» **EXERCISE DETAILS**: If pictures appear, leave them out, and return exactly the lines from the one holding "The EDS analysis of GO, MGO, and MGO-PLD." through the last line of the listing below.

--- START ---

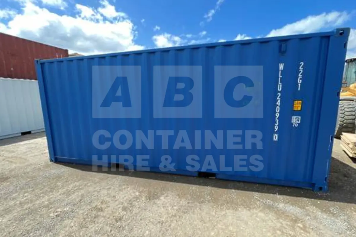 Rank 10 out of 10 new build blue 20' Standard Height Steel Container (with doors one end only) in Rockhampton. (WLLU2409390)
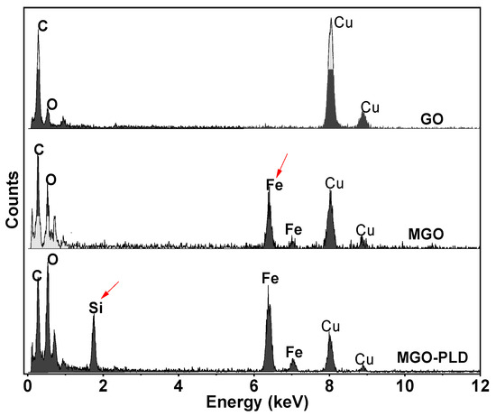 The EDS analysis of GO, MGO, and MGO-PLD.
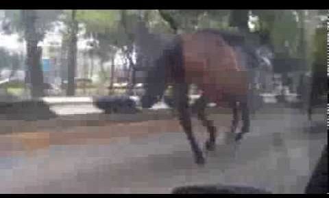 Un conductor capta le momento en que alrededor de 30 caballos, propiedad de la Secretaría de Seguridad Pública del Distrito Federal, galopan por una avenida, ante la mirada de sorpresa de los ciudadanos.
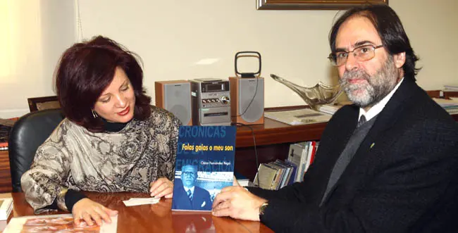 Jorge Cosía muestra la portada del libro en presencia de Pilar Pin.
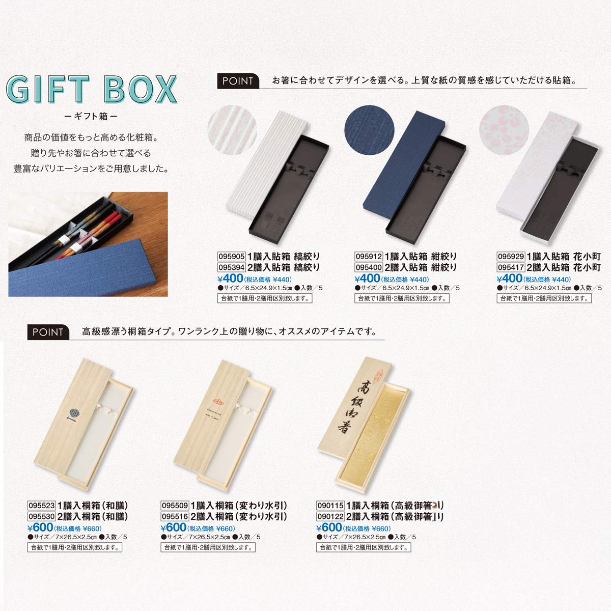 商品の価値をもっと高める化粧箱。贈り先やお箸に合わせて選べる豊富なバリエーションをご用意しました。
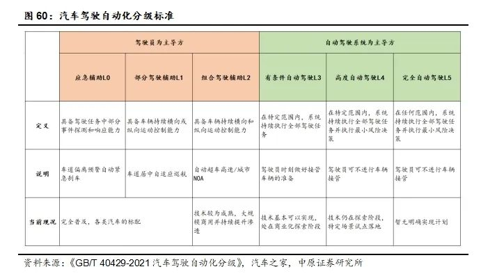 高阶智能辅助驾驶技术沿应用场景和技术迭代持续发展,正加速向L3/L4级迈进。依据2021年颁布的《汽车驾驶自动化分级》国家标准,智能驾驶技术按自动化程度的高低,被分为 L0 到 L5 六个级别。其中,L0-L2属于驾驶辅助阶段,能够减轻驾驶员的负担,但要求驾驶员能随时接管,L3-L5属于高阶自动驾驶阶段,智能驾驶系统承担主要的车辆驾驶职责和相应的责任,只有在特定的情况下才会要求驾驶员作为后援接管车辆,或无需驾驶员接管,目前高阶智能辅助驾驶技术正加速向L3/L4级迈进,核心围绕智能辅助驾驶算力、数据与算法三大要素演进。
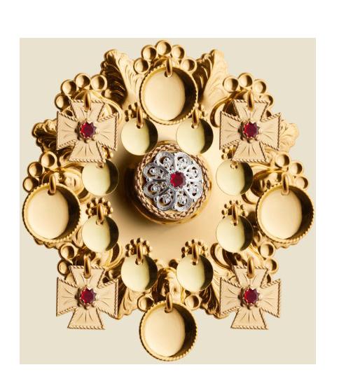 Øverst: Filigransarbeid er bygget opp av tråder og kuler. På latin betyr «fil» tråd og «gran» korn. Teknikken brukes blant annet til å lage bolesøljer fra Telemark og Setesdal, slik som de på det røde brettet.
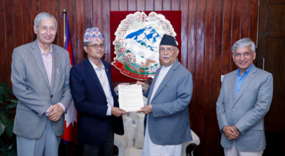 काठमाडौँ, २१ वैशाख । प्रधानमन्त्री केपी शर्मा ओलीसमक्ष नेपाल कम्युनिष्ट पार्टी(एमाले)का सांसद सूूर्यबहादुर थापाले प्युठान
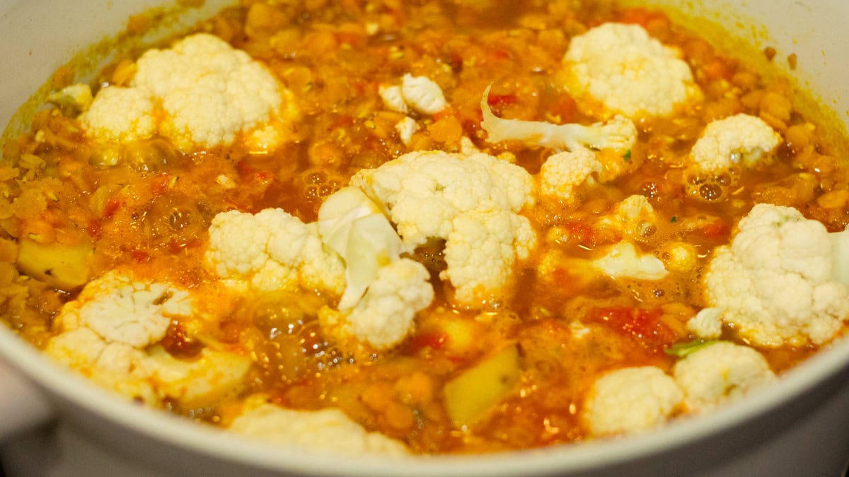 - Pour water/broth and tomato sauce and bring to a gentle boil. Then after 5 minutes, add the cauliflower florets. Let simmer for 15-20 minutes.
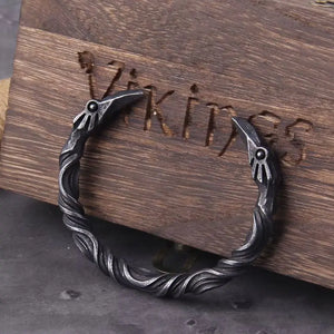 Name:Stainless Steel Iron Color Nordic Viking Norse Raven Bracelet Men Wristband Cuff Bracelets with viking wooden box
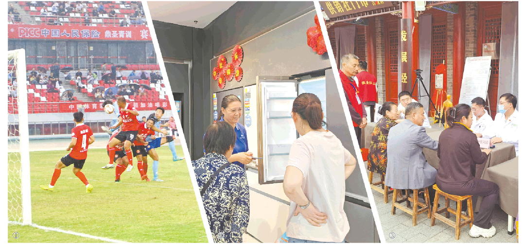 图①:齐鲁超赛枣庄站揭幕战。图②:日照市民在凌云家电城选购家电。图③:中医在无棣古城免费问诊。
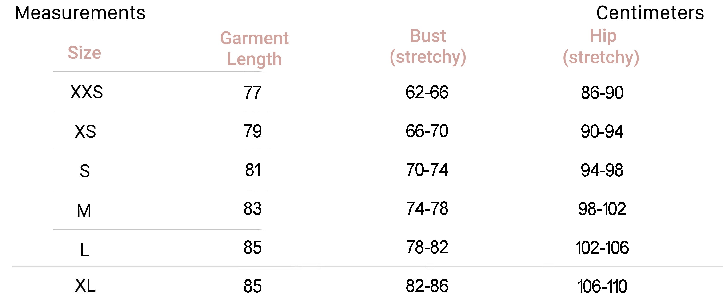 | Size | US | EUR | UK | Bust | Waist | Hip |

--- END ---

» **ANSWER TO THIS TASK**:
 The EDS analysis of GO, MGO, and MGO-PLD.
 Un conductor capta le momento en que alrededor de 30 caballos, propiedad de la Secretaría de Seguridad Pública del Distrito Federal, galopan por una avenida, ante la mirada de sorpresa de los ciudadanos.
 Jorge Cosía muestra la portada del libro en presencia de Pilar Pin.
 商品の価値をもっと高める化粧箱。贈り先やお箸に合わせて選べる豊富なバリエーションをご用意しました。
 高阶智能辅助驾驶技术沿应用场景和技术迭代持续发展,正加速向L3/L4级迈进。依据2021年颁布的《汽车驾驶自动化分级》国家标准,智能驾驶技术按自动化程度的高低,被分为 L0 到 L5 六个级别。其中,L0-L2属于驾驶辅助阶段,能够减轻驾驶员的负担,但要求驾驶员能随时接管,L3-L5属于高阶自动驾驶阶段,智能驾驶系统承担主要的车辆驾驶职责和相应的责任,只有在特定的情况下才会要求驾驶员作为后援接管车辆,或无需驾驶员接管,目前高阶智能辅助驾驶技术正加速向L3/L4级迈进,核心围绕智能辅助驾驶算力、数据与算法三大要素演进。
 Øverst: Filigransarbeid er bygget opp av tråder og kuler. På latin betyr «fil» tråd og «gran» korn. Teknikken brukes blant annet til å lage bolesøljer fra Telemark og Setesdal, slik som de på det røde brettet.
 काठमाडौँ, २१ वैशाख । प्रधानमन्त्री केपी शर्मा ओलीसमक्ष नेपाल कम्युनिष्ट पार्टी(एमाले)का सांसद सूूर्यबहादुर थापाले प्युठान
 - Pour water/broth and tomato sauce and bring to a gentle boil. Then after 5 minutes, add the cauliflower florets. Let simmer for 15-20 minutes.
 Name:Stainless Steel Iron Color Nordic Viking Norse Raven Bracelet Men Wristband Cuff Bracelets with viking wooden box
 图①:齐鲁超赛枣庄站揭幕战。图②:日照市民在凌云家电城选购家电。图③:中医在无棣古城免费问诊。
 | Size | US | EUR | UK | Bust | Waist | Hip |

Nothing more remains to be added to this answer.